:: INFORMATION PROVIDED ::

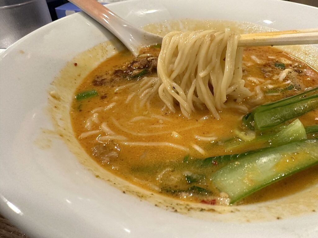 麺はストレート中太タイプ。なめらか&ツルシコ食感でマイルド担々スープにしっかりマッチ。
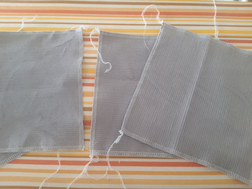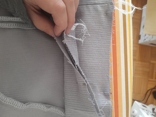 Ich scheide hier an der geschlossenen Seite die Ecken ab, um später nach dem Wenden schöne Ecken zu haben.
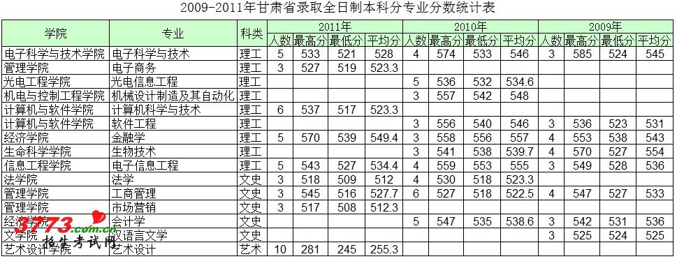 [图文]深圳大学2009年2010年2011年甘肃录取分数线
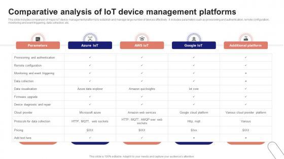 This slide includes comparison of major IoT device management platforms to establish and manage large number of devices effectively. It includes parameters such as provisioning and authentication, remote configuration, monitoring and event triggering, data collection, etc. If your project calls for a presentation, then Slidegeeks is your go-to partner because we have professionally designed, easy-to-edit templates that are perfect for any presentation. After downloading, you can easily edit IoT Device Management Fundamentals Comparative Analysis Of IoT Device Management Platforms IoT SS V and make the changes accordingly. You can rearrange slides or fill them with different images. Check out all the handy templates This slide includes comparison of major IoT device management platforms to establish and manage large number of devices effectively. It includes parameters such as provisioning and authentication, remote configuration, monitoring and event triggering, data collection, etc.

:::

WORK REQUEST: Retype word for word all the material given above, and keep the pictures out.

EXERCISE RESPONSE:
 麺はストレート中太タイプ。なめらか&ツルシコ食感でマイルド担々スープにしっかりマッチ。
 Ich scheide hier an der geschlossenen Seite die Ecken ab, um später nach dem Wenden schöne Ecken zu haben.
 [图文]深圳大学2009年2010年2011年甘肃录取分数线
 This slide includes comparison of major IoT device management platforms to establish and manage large number of devices effectively. It includes parameters such as provisioning and authentication, remote configuration, monitoring and event triggering, data collection, etc. If your project calls for a presentation, then Slidegeeks is your go-to partner because we have professionally designed, easy-to-edit templates that are perfect for any presentation. After downloading, you can easily edit IoT Device Management Fundamentals Comparative Analysis Of IoT Device Management Platforms IoT SS V and make the changes accordingly. You can rearrange slides or fill them with different images. Check out all the handy templates This slide includes comparison of major IoT device management platforms to establish and manage large number of devices effectively. It includes parameters such as provisioning and authentication, remote configuration, monitoring and event triggering, data collection, etc.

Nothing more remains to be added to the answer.